» DATA TO PROCESS:
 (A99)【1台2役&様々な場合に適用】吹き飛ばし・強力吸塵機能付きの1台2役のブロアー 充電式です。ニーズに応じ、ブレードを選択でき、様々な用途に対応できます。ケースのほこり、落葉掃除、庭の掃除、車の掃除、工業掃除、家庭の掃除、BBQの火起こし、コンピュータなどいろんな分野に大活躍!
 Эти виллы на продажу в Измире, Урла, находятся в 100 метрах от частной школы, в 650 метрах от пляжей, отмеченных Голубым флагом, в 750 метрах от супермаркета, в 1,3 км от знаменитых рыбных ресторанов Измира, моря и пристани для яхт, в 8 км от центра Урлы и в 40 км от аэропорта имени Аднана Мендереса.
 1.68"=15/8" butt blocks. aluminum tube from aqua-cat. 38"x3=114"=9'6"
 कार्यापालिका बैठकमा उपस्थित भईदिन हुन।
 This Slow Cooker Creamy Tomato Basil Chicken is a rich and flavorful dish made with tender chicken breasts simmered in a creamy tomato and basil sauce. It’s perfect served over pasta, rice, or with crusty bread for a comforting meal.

---

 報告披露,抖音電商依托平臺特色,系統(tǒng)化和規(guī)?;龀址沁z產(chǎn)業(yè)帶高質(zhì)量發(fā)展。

» PROBLEM DETAILS:
Of the lines above, retype only those from the line containing "butt blocks. aluminum" through the line containing "This Slow Cooker", including both, exactly.

» SOLUTION TO THIS PROBLEM:
 1.68"=15/8" butt blocks. aluminum tube from aqua-cat. 38"x3=114"=9'6"
 कार्यापालिका बैठकमा उपस्थित भईदिन हुन।
 This Slow Cooker Creamy Tomato Basil Chicken is a rich and flavorful dish made with tender chicken breasts simmered in a creamy tomato and basil sauce. It’s perfect served over pasta, rice, or with crusty bread for a comforting meal.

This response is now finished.